A high-performance Python package for Vision-Language Model (VLM) based content tagging and analysis. This package provides an advanced implementation for automatic content detection and tagging, delivering superior accuracy compared to traditional image classification methods.

Features

  • Remote VLM Integration: Connects to any OpenAI-compatible VLM endpoint (no local model loading required)
  • Context-Aware Detection: Leverages Vision-Language Models' understanding of visual relationships for accurate content tagging
  • Flexible Architecture: Modular pipeline system with configurable models and processing stages
  • Asynchronous Processing: Built on asyncio for efficient video and image processing
  • Customizable Tag Sets: Easy configuration of detection categories
  • Production Ready: Includes retry logic, error handling, and comprehensive logging

Installation

From PyPI (when published)

CPU-only Installation (Default, Recommended)

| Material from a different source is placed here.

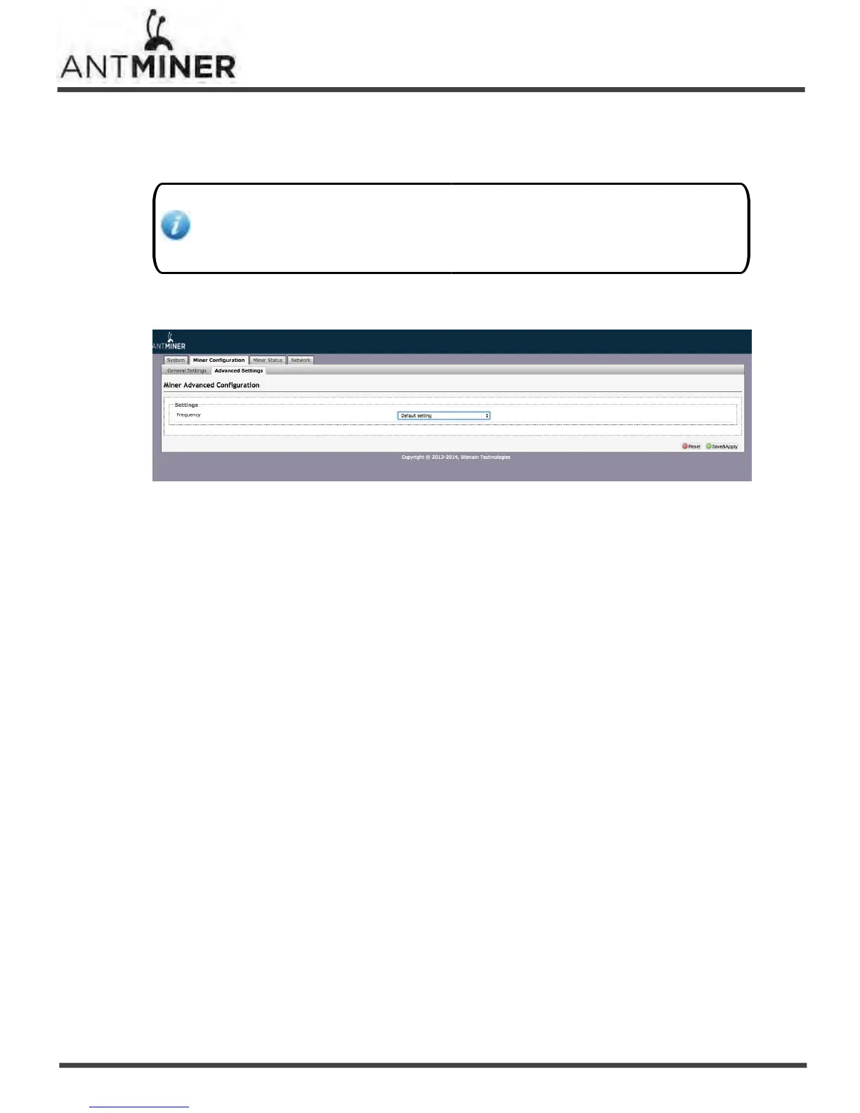 You are able to modify the frequency value through ‘Miner Configuration >Advanced Settings’.

For most use cases (including AWS batch jobs), install the CPU-only version which is ~3GB smaller:

pip install vlm-engine --index-url https://download.pytorch.org/whl/cpu

GPU Installation (CUDA-enabled)

If you need GPU support for local model inference (not required for VLM API usage):

pip install vlm-engine

From Source

CPU-only Installation (Default, Recommended)

git clone https://github.com/Haven-hvn/haven-vlm-engine-package.git
cd haven-vlm-engine-package
pip install -e . --index-url https://download.pytorch.org/whl/cpu

GPU Installation (CUDA-enabled)

git clone https://github.com/Haven-hvn/haven-vlm-engine-package.git
cd haven-vlm-engine-package
pip install -e .

Installation Notes

Why CPU-only by default?

  • This package connects to REMOTE OpenAI-compatible VLM endpoints - it never loads models locally
  • PyTorch is only used for image preprocessing (tensor operations, transforms)
  • CUDA-enabled PyTorch adds ~3GB of unnecessary dependencies for CPU-only workloads
  • Perfect for Docker deployments and AWS batch jobs

Switching between CPU and GPU:

# Switch from GPU to CPU
pip uninstall torch torchvision
pip install torch torchvision --index-url https://download.pytorch.org/whl/cpu

# Switch from CPU to GPU (CUDA 12.1)
pip uninstall torch torchvision
pip install torch torchvision --index-url https://download.pytorch.org/whl/cu121

Docker Optimization

For Docker deployments (especially AWS batch jobs), use CPU-only PyTorch to reduce image size by ~3GB:

FROM python:3.10-slim

WORKDIR /app

# Install vlm_engine with CPU-only PyTorch
RUN pip install --no-cache-dir \
    --index-url https://download.pytorch.org/whl/cpu \
    vlm_engine

# Copy your application
COPY . .

CMD ["python", "your_batch_job.py"]

Size comparison:

  • With CUDA PyTorch: ~5GB image
  • With CPU-only PyTorch: ~2GB image (60% smaller)

Requirements

  • Python 3.8+
  • Sufficient RAM: Video preprocessing loads entire videos into memory (not GPU memory)
  • Compatible VLM server endpoint:

Quick Start

import asyncio
from vlm_engine import VLMEngine
from vlm_engine.config_models import EngineConfig, ModelConfig

# Configure the engine
config = EngineConfig(
    active_ai_models=["llm_vlm_model"],
    models={
        "llm_vlm_model": ModelConfig(
            type="vlm_model",
            model_id="HuggingFaceTB/SmolVLM-Instruct",
            api_base_url="http://localhost:7045",
            tag_list=["tag1", "tag2", "tag3"]  # Your custom tags
        )
    }
)

# Initialize and use
async def main():
    engine = VLMEngine(config)
    await engine.initialize()
    
    results = await engine.process_video(
        "path/to/video.mp4",
        frame_interval=2.0,
        threshold=0.5
    )
    print(f"Detected tags: {results}")

asyncio.run(main())

Multiplexer Configuration (Load Balancing)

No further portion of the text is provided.